Ski resort in Aulus-les-Bains, Ariège, France

Guzet-Neige is a ski resort situated in the Haute-Ariège area of the Ariège department in the French Pyrénées. The climb to the ski station has been used three times as a stage finish in the Tour de France.

==Location==
Guzet is located between 1100 m and 2100 m in altitude, in Ariège in the heart of the Pyrenees.

The resort is divided into three areas:
- Guzet 1400
- Prat-Mataou
- Le Freychet

The resort can be accessed from two directions: from the west through the Ustou valley and east through the Col de Latrape from Aulus-les-Bains.

==Facilities==
There are 33 km of lift served runs and 3 km of cross country trails.
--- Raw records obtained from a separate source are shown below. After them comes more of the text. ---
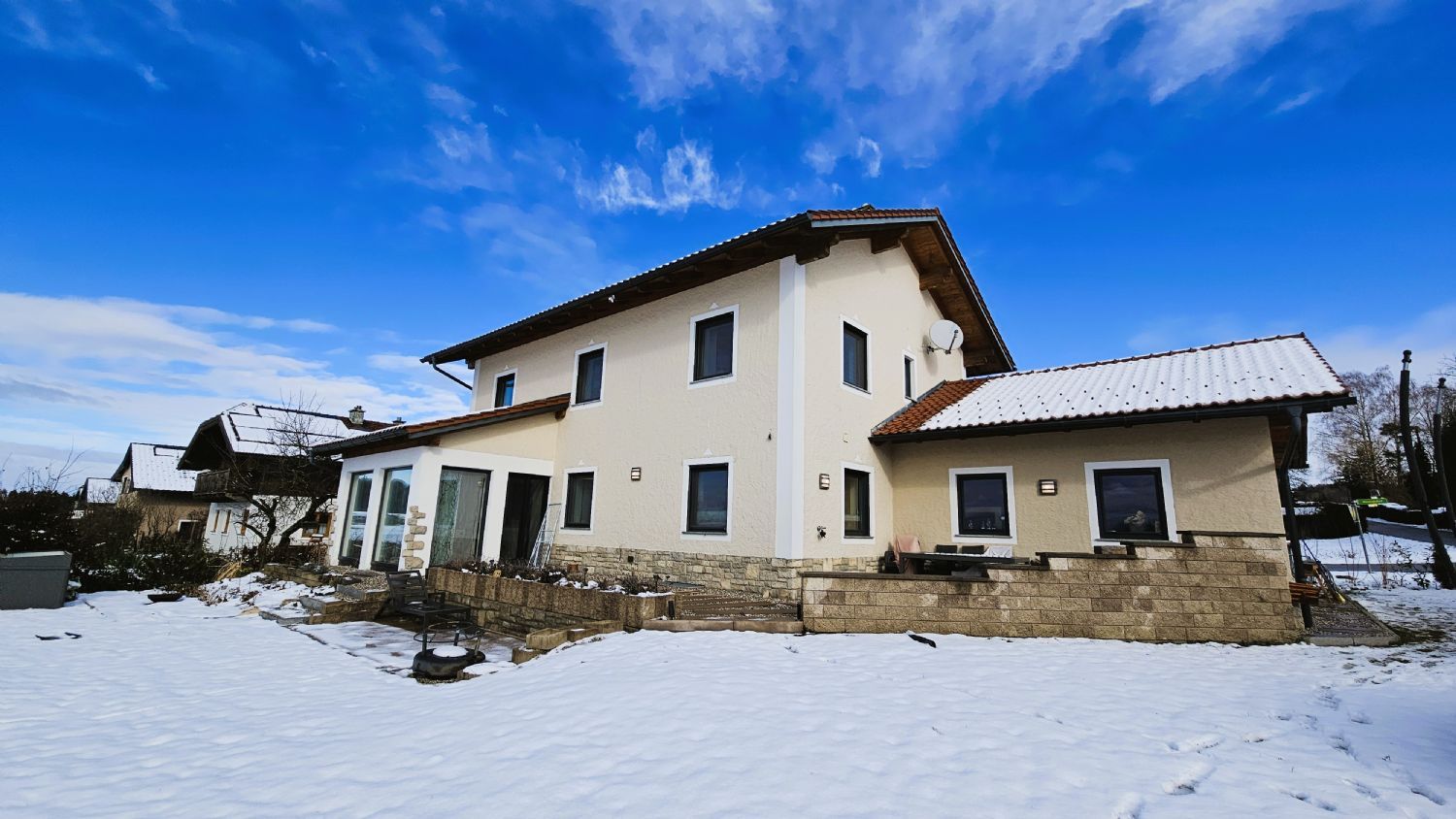 Virtuelle 360-Grad-Tour auf Anfrage verfügbar! Zum Verkauf steht ein gepflegtes und hochwertig ausgestattetes Einfamilienhaus in Moosdorf. Das im Jahr 2009 in Massivbauweise errichtete Wohnhaus überzeugt durch moderne Technik, großzügige Raumaufteilung und nachhaltige Energielösungen. Auf einer Wohnfläche von ca. 165 m² verteilen sich insgesamt 7 Zimmer, die vielseitige Nutzungsmöglichkeiten bieten – ideal für Familien, Homeoffice oder Gästezimmer. Darüber hinaus ist die Liegenschaft vollständig unterkellert und verfügt dabei über 3 beheizte Kellerräume. Das sonnige Grundstück mit ca. 844 m² bietet ausreichend Platz für Gartenliebhaber, Spielbereiche oder individuelle Gestaltungsideen. Ein besonderes Highlight ist die ca. 23 m² große Terrasse, die zu entspannten Stunden im Freien einlädt. Zusätzlich erweitert ein Wintergarten den Wohnraum und schafft eine angenehme Verbindung zwischen Innen- und Außenbereich. Ausstattung & Highlights BUS-System für moderne Haussteuerung Garage mit Wallbox für E-Mobilität Wintergarten - 5,4 kWp Photovoltaikanlage Solaranlage Effiziente Erdwärmeheizung 3 beheizte Kellerräume Terrasse mit ca. 23m² - Vorbereitung für Klimaanlage Die Kombination aus Erdwärmeheizung, Photovoltaik und Solaranlage sorgt für energieeffizientes und nachhaltiges Wohnen mit niedrigen Betriebskosten. Dieses Einfamilienhaus vereint großzügiges Wohnen, moderne Technik und nachhaltige Energieversorgung auf einem attraktiven Grundstück. Ideal für Familien oder Käufer, die Wert auf Qualität, Komfort und Zukunftssicherheit legen. Gerne stellen wir Ihnen dieses besondere Objekt bei einer Besichtigung persönlich vor.
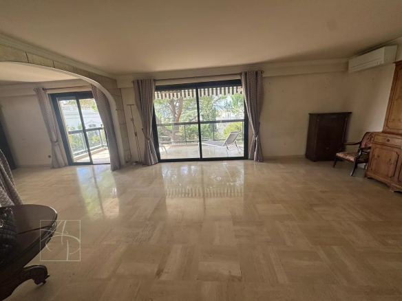 Dans superbe résidence de grand standing sécurisée et gardiennée, au calme absolu avec piscine (10*20m)avec transats, tennis et parc de 2 hectares, Appartement d’angle avec vue dégagée jusqu’à la mer de 84.07m2 loi carrez, bénéficiant de deux terrasses profonde, une de 19m2 et une seconde de 18m2 Il est composé d’une entrée , un beau séjour donnant sur une terrasse profonde d’environ 18m2 avec très jolie vue sur le parc de la résidence et sur la mer exposition sud ouest, une cuisine indépendante , deux chambres avec chacune sa salle de douche – wc indépendant , un wc invité.
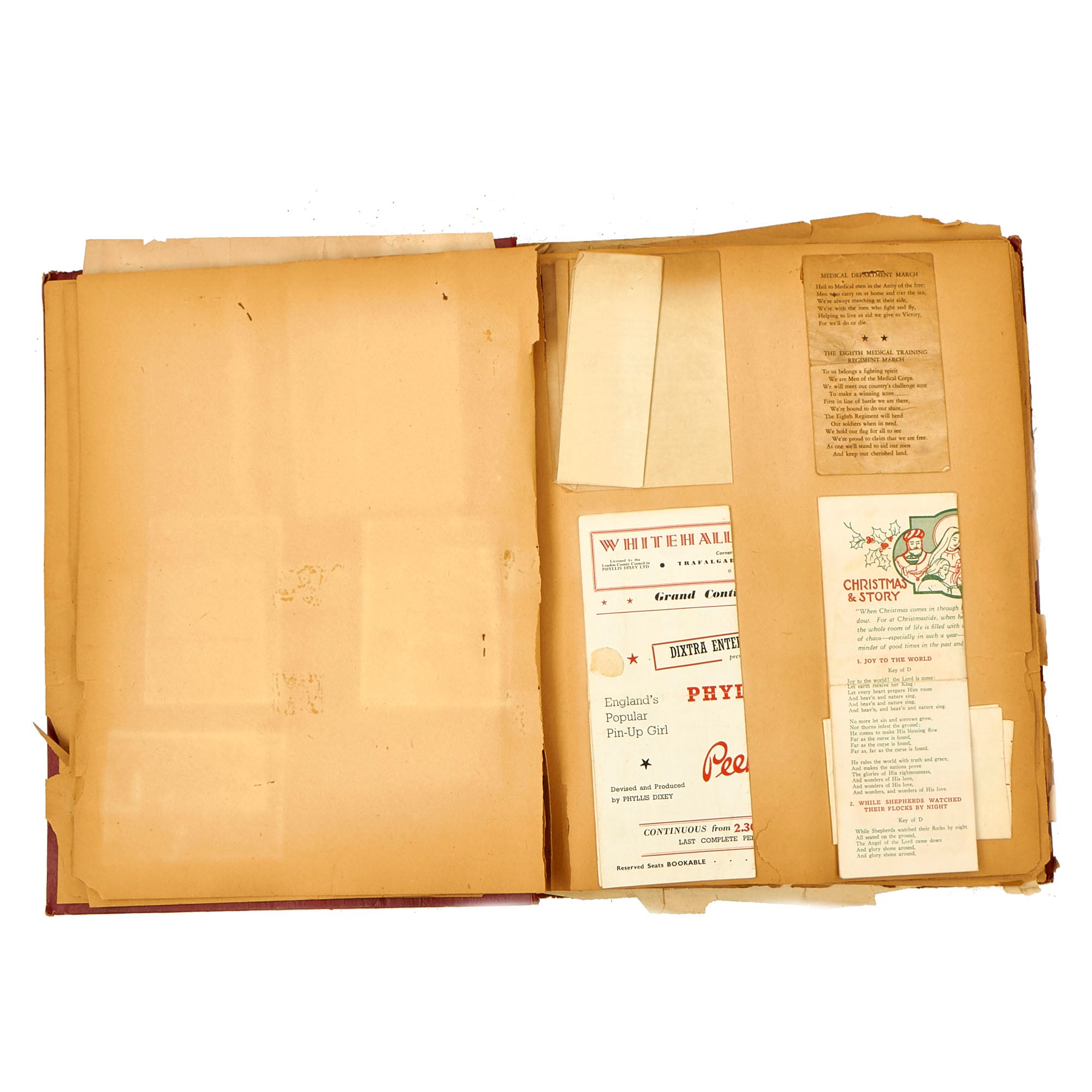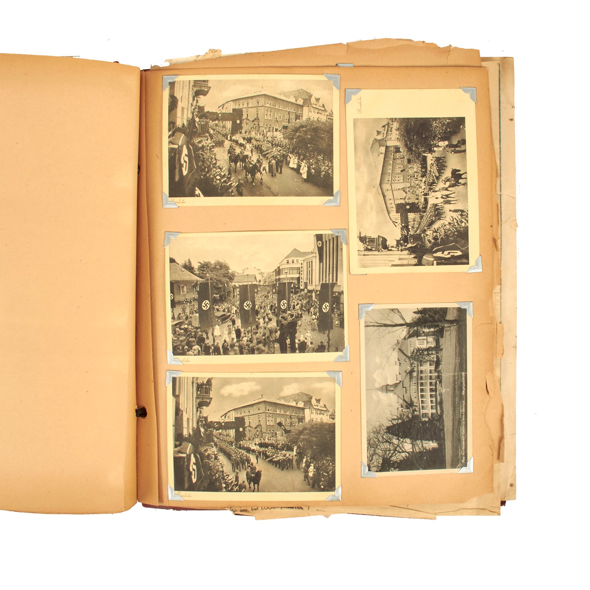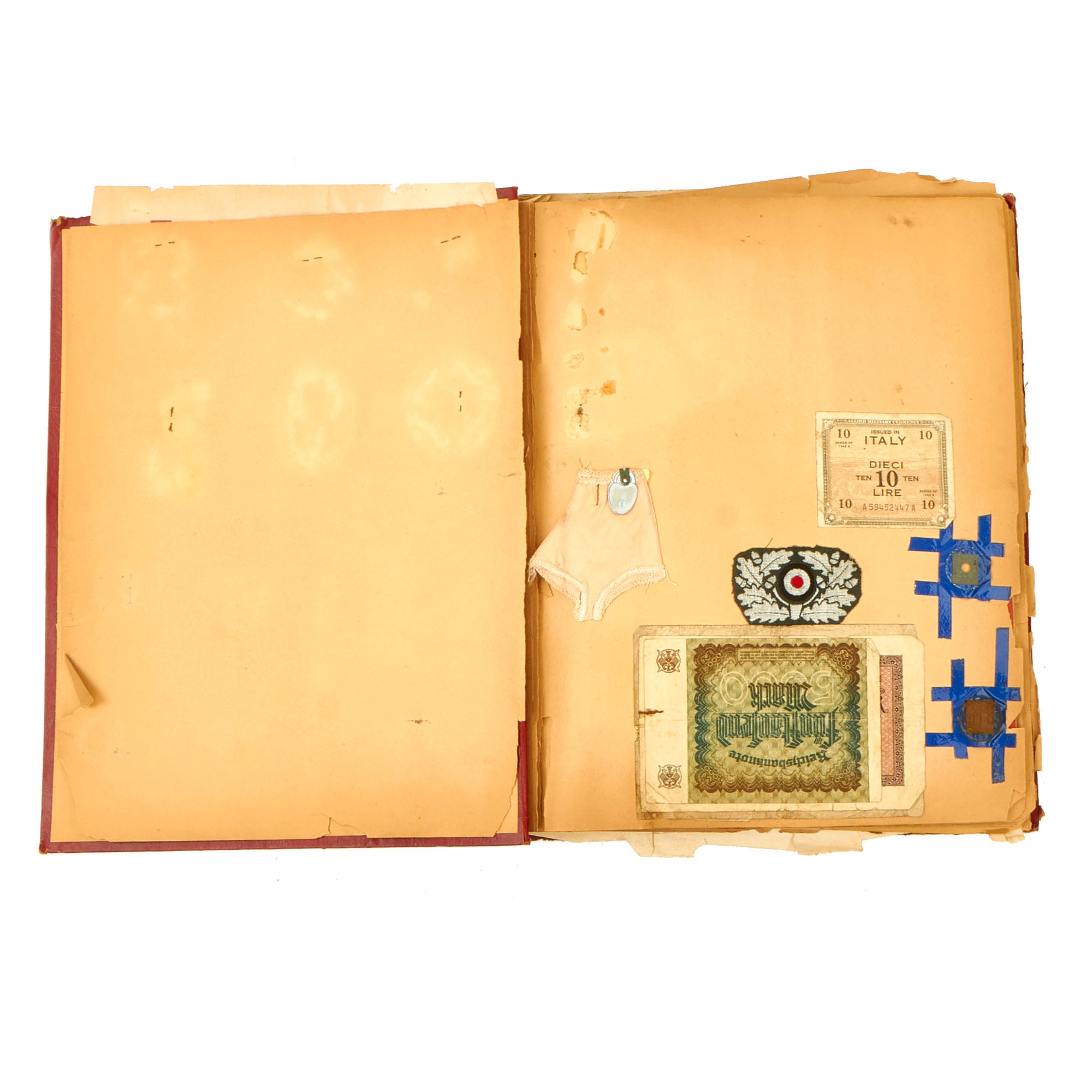 Original Items: One-Of-A-Kind. The scrapbook is filled with over 100 different items including, patches, magazine clippings, maps, guides, a telegram, Germany and European currency, German Souvenirs such as a HJ shirt eagle and much more. A Lot of reading and research is to be had with this scrapbook!

The resort features a snowpark.

==Cycling==

===Details of the climb===
The climb starts from the village of Seix on the River Salat and shares most of its route with that to the Col de Latrape from where there is a turn-off onto the D68, 1.0 km from the summit. From here there is a further 6 km climb to the ski station. In total from Seix, the climb is 23.7 km long. Over this distance, you climb 1010 m at an average gradient of 4.3%, although the final section averages about 8%.

===Tour de France stage finishes===
The climb to the ski station has been used three times as a stage finish in the Tour de France, most recently in 1995. It is ranked a first category climb.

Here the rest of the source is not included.